Task input:
#####
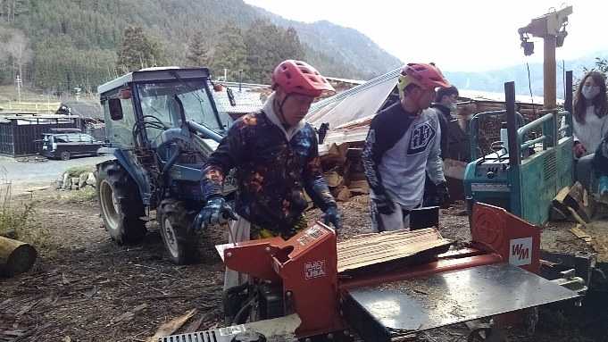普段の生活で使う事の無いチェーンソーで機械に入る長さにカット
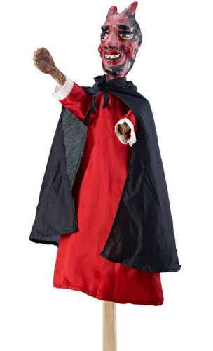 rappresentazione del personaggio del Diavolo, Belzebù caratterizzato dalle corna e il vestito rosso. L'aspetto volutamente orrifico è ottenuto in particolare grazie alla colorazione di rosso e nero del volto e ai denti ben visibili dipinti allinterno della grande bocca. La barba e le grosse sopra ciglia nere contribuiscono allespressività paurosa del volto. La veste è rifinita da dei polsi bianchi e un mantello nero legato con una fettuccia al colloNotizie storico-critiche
#####
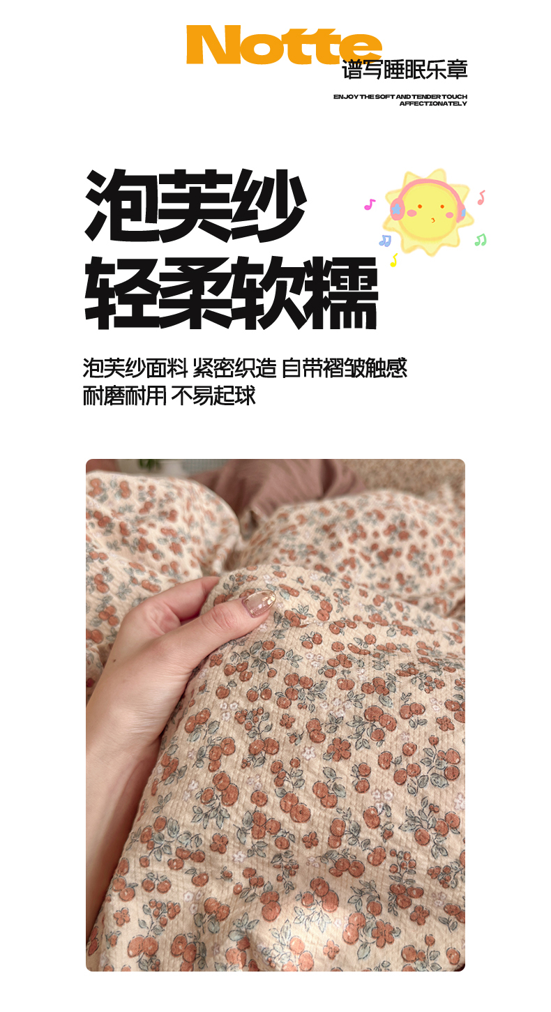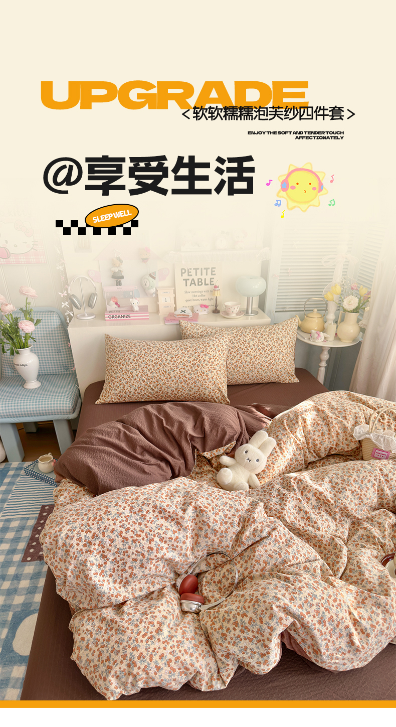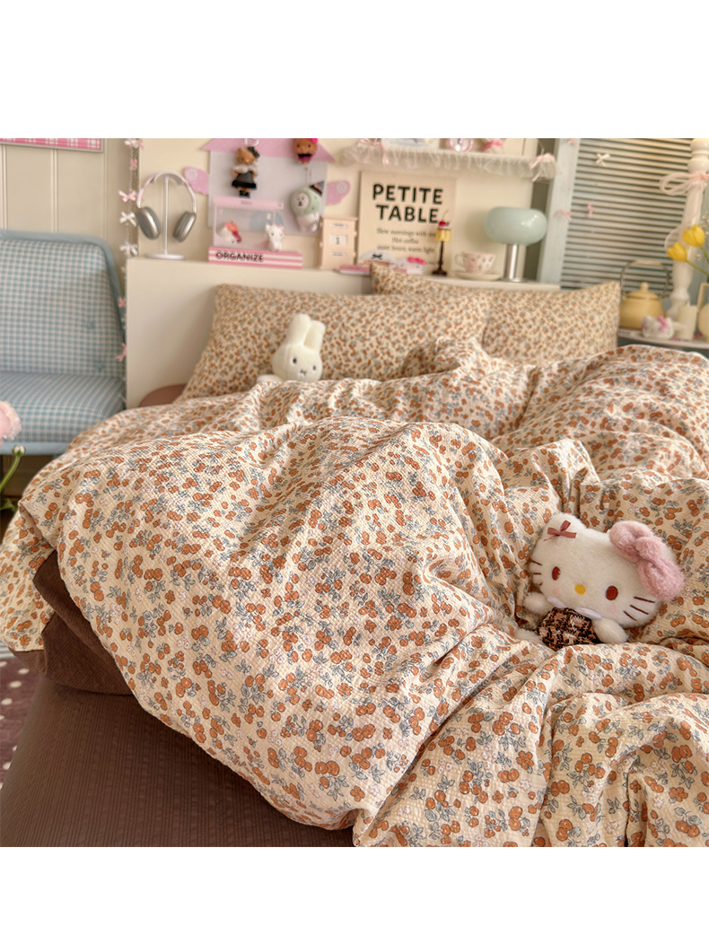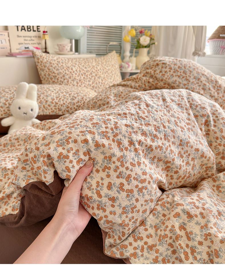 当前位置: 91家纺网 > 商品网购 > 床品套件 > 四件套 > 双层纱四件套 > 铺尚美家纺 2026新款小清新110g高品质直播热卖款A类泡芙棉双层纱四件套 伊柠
#####
Exercise: Transcribe exactly the lines above, beginning at the one with "普段の生活で使う事の無いチェーンソーで機械に入る長さにカット" and going up to and including the one with "rappresentazione del personaggio". Pictures do not belong in the copy.

Task answer:
普段の生活で使う事の無いチェーンソーで機械に入る長さにカット
 rappresentazione del personaggio del Diavolo, Belzebù caratterizzato dalle corna e il vestito rosso. L'aspetto volutamente orrifico è ottenuto in particolare grazie alla colorazione di rosso e nero del volto e ai denti ben visibili dipinti allinterno della grande bocca. La barba e le grosse sopra ciglia nere contribuiscono allespressività paurosa del volto. La veste è rifinita da dei polsi bianchi e un mantello nero legato con una fettuccia al colloNotizie storico-critiche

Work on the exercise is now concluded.